**Task brief**
Below are entries. Give back exactly the lines from the one containing "A班:自然拼读,绘本阅读,复" through the one containing "El Centro de", inclusive, without the pictures.

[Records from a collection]
--------------------------------------------------

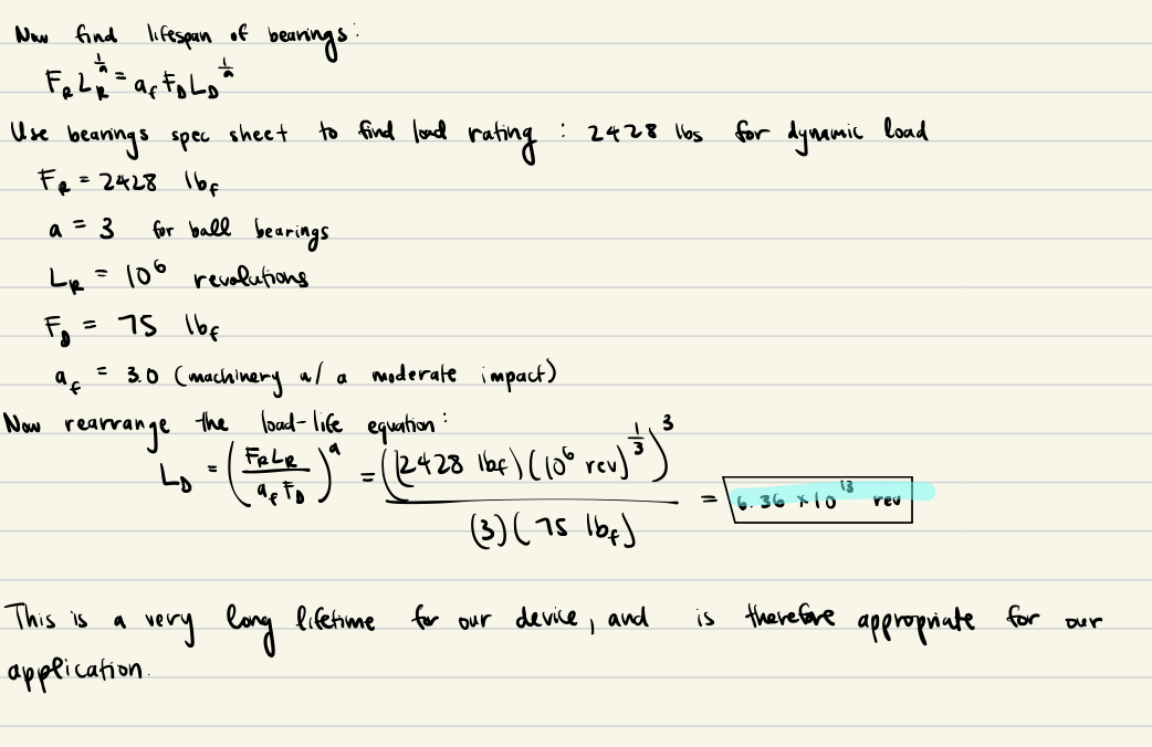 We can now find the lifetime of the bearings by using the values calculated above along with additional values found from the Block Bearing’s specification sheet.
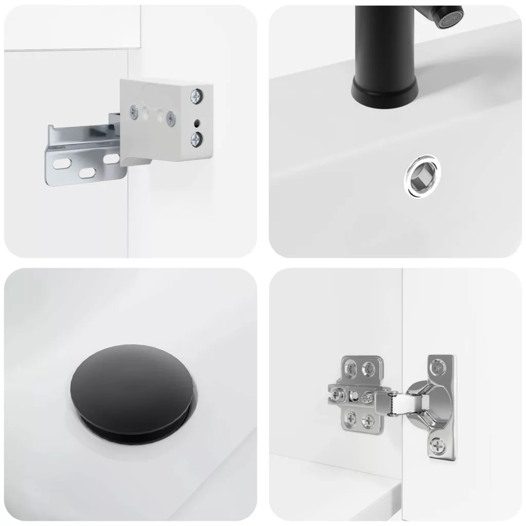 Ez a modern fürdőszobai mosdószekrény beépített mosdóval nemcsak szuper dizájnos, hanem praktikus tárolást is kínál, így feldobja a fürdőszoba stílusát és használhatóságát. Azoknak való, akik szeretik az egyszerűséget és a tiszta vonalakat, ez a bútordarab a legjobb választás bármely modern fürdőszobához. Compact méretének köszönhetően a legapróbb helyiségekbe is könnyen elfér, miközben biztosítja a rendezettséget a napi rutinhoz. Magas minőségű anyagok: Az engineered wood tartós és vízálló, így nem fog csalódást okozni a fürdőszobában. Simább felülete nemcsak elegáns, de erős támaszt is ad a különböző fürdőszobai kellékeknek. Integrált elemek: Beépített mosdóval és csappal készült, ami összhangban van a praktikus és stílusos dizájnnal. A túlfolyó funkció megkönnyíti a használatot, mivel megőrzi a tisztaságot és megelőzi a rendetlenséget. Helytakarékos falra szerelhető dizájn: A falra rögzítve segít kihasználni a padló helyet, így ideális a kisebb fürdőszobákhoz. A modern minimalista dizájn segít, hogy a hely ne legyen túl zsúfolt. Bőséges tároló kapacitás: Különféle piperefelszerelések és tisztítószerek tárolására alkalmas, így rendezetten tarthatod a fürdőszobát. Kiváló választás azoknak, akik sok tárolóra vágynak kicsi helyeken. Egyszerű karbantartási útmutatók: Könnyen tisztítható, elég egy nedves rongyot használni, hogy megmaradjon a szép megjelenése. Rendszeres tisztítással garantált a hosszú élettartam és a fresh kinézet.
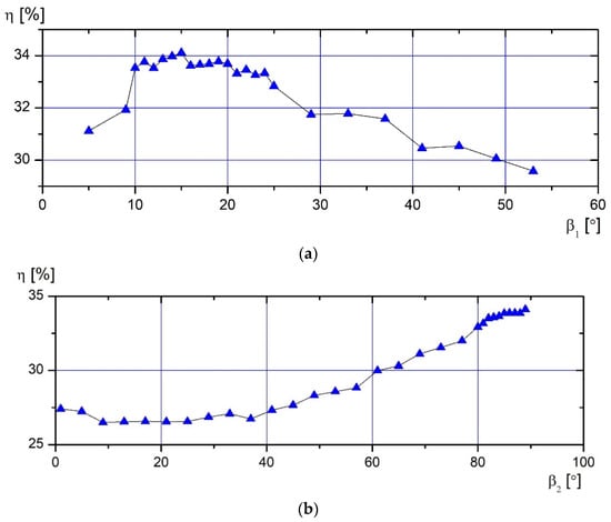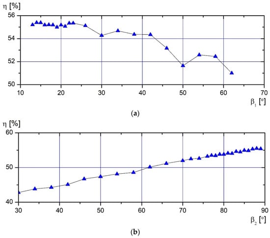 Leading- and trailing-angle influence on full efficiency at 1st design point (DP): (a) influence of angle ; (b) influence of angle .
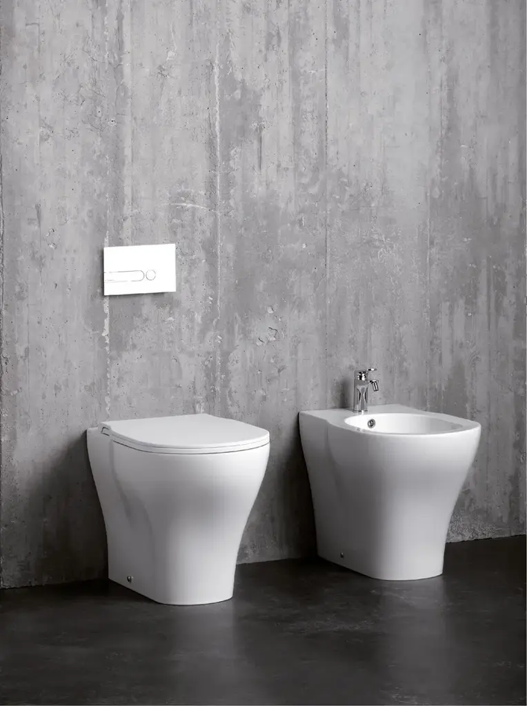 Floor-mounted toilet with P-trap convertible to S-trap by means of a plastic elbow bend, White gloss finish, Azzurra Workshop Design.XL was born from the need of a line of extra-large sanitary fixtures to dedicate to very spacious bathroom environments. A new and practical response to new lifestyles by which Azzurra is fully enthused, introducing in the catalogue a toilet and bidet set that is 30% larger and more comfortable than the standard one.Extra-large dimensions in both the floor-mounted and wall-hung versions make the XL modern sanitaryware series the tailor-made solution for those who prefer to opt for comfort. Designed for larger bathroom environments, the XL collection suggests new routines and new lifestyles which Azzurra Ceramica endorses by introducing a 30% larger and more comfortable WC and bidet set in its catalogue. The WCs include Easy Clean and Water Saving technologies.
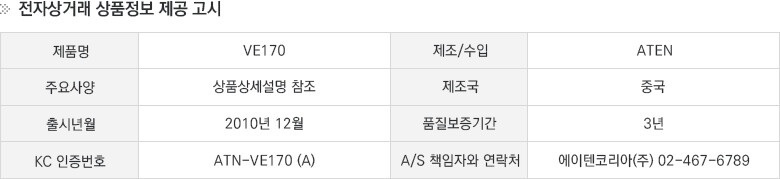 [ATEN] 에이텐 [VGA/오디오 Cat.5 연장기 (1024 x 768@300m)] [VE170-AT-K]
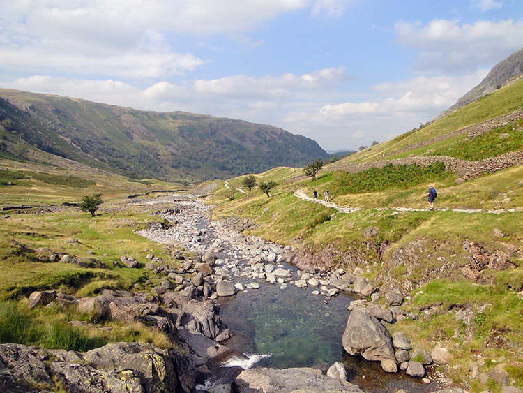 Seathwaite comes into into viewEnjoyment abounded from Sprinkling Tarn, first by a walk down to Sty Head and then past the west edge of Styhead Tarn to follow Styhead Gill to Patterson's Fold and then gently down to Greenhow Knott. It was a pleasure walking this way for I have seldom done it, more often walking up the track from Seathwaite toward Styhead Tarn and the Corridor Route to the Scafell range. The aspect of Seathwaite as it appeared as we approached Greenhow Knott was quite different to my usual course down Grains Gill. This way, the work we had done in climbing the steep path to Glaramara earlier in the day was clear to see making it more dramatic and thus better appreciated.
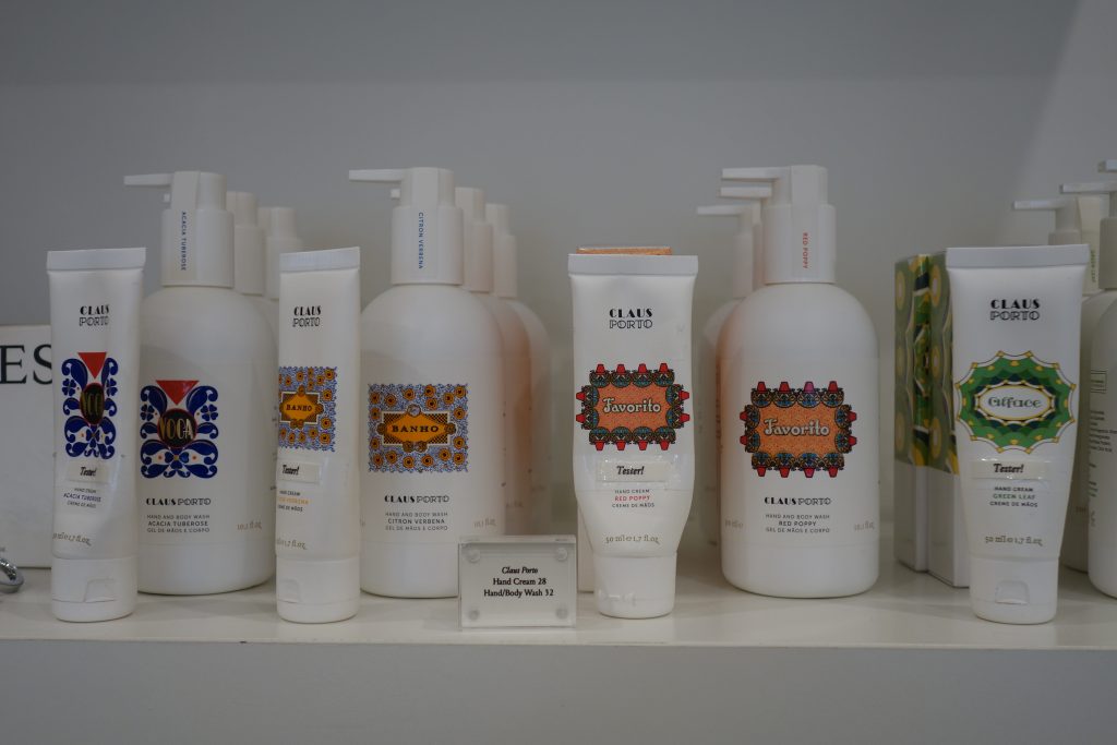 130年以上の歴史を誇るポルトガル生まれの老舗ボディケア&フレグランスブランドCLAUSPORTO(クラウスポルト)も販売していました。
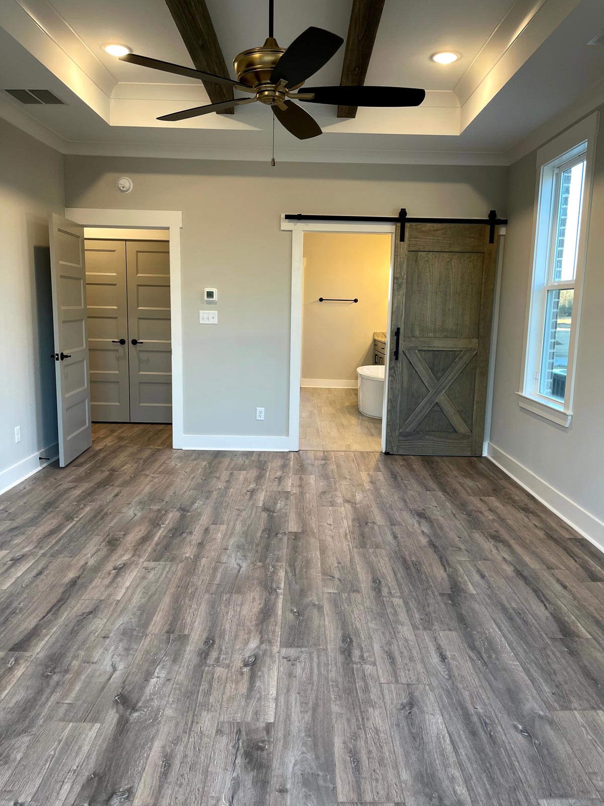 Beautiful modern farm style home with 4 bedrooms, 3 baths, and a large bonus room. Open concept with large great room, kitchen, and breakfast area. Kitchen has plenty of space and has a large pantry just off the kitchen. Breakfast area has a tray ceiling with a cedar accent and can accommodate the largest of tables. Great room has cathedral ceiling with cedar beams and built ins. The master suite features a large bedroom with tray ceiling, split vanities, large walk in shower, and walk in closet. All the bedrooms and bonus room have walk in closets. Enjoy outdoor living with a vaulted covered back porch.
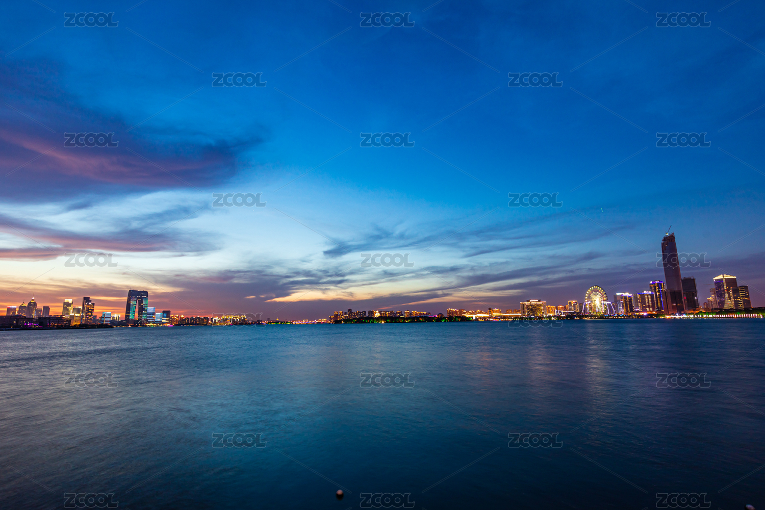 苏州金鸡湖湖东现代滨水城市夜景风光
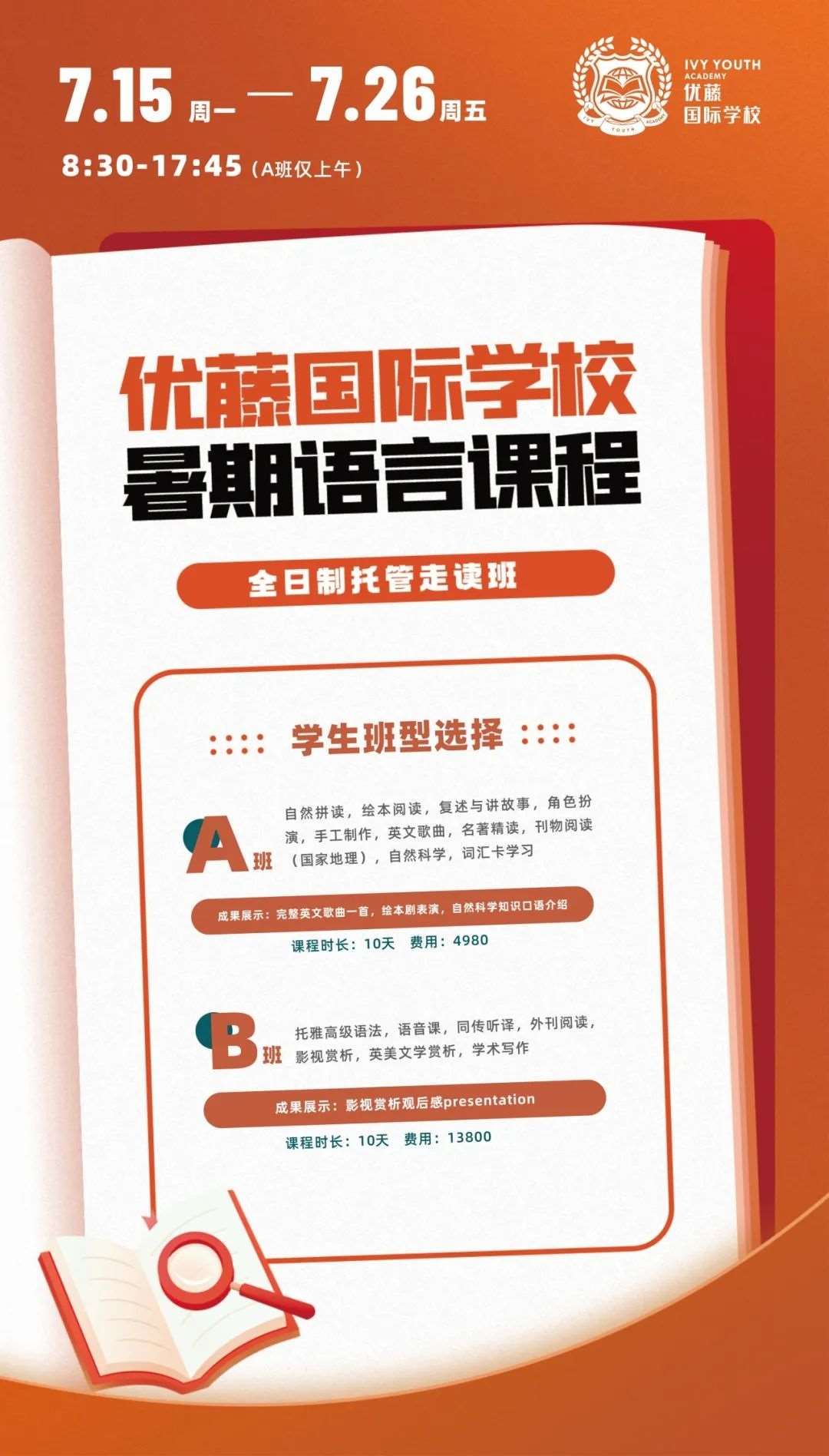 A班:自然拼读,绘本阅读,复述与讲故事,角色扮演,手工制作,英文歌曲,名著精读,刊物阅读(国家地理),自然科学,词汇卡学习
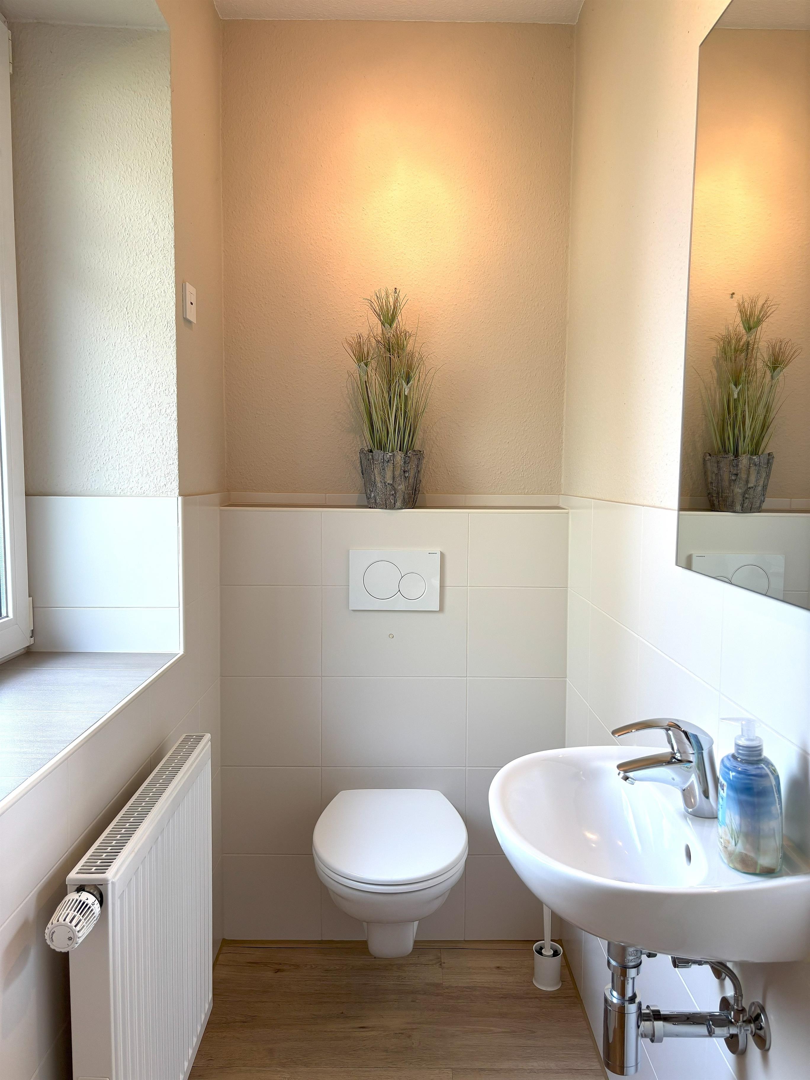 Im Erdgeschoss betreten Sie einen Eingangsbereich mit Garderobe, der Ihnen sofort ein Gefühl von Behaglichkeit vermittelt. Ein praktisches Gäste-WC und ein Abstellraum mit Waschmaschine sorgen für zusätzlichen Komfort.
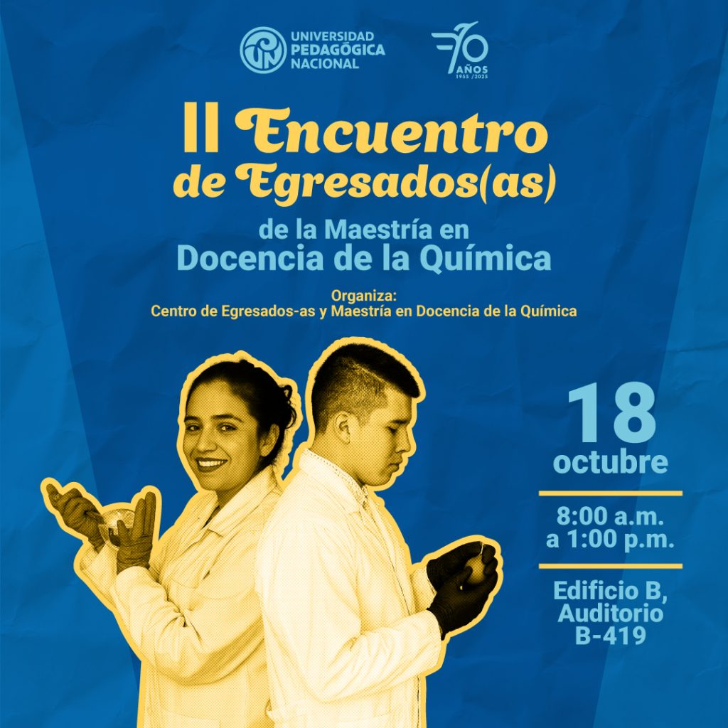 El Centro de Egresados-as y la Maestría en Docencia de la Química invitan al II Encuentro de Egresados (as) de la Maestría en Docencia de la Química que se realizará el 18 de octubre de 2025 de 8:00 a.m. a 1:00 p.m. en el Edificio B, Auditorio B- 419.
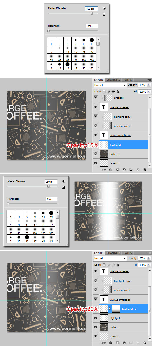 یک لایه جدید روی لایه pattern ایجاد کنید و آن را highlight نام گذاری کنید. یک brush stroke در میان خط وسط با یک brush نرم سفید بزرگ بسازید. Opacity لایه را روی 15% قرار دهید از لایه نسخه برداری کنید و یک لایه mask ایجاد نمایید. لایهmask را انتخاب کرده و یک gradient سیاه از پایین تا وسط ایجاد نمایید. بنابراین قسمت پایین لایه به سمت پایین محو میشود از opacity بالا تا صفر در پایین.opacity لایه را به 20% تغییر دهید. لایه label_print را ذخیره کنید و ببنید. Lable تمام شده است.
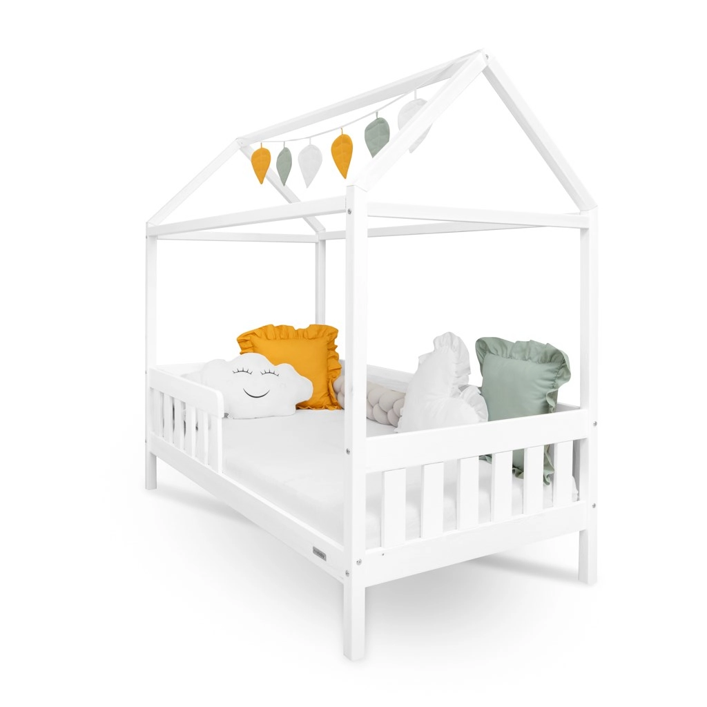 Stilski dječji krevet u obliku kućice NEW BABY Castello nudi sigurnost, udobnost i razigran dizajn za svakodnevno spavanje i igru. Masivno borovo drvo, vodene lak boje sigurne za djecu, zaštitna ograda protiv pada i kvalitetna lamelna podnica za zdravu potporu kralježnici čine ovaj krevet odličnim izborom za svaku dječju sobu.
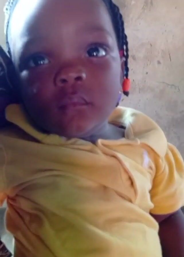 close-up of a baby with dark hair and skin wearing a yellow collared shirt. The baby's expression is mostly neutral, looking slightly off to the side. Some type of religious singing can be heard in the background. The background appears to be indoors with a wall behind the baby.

--------------------------------------------------

**Response**
 A班:自然拼读,绘本阅读,复述与讲故事,角色扮演,手工制作,英文歌曲,名著精读,刊物阅读(国家地理),自然科学,词汇卡学习
 Im Erdgeschoss betreten Sie einen Eingangsbereich mit Garderobe, der Ihnen sofort ein Gefühl von Behaglichkeit vermittelt. Ein praktisches Gäste-WC und ein Abstellraum mit Waschmaschine sorgen für zusätzlichen Komfort.
 El Centro de Egresados-as y la Maestría en Docencia de la Química invitan al II Encuentro de Egresados (as) de la Maestría en Docencia de la Química que se realizará el 18 de octubre de 2025 de 8:00 a.m. a 1:00 p.m. en el Edificio B, Auditorio B- 419.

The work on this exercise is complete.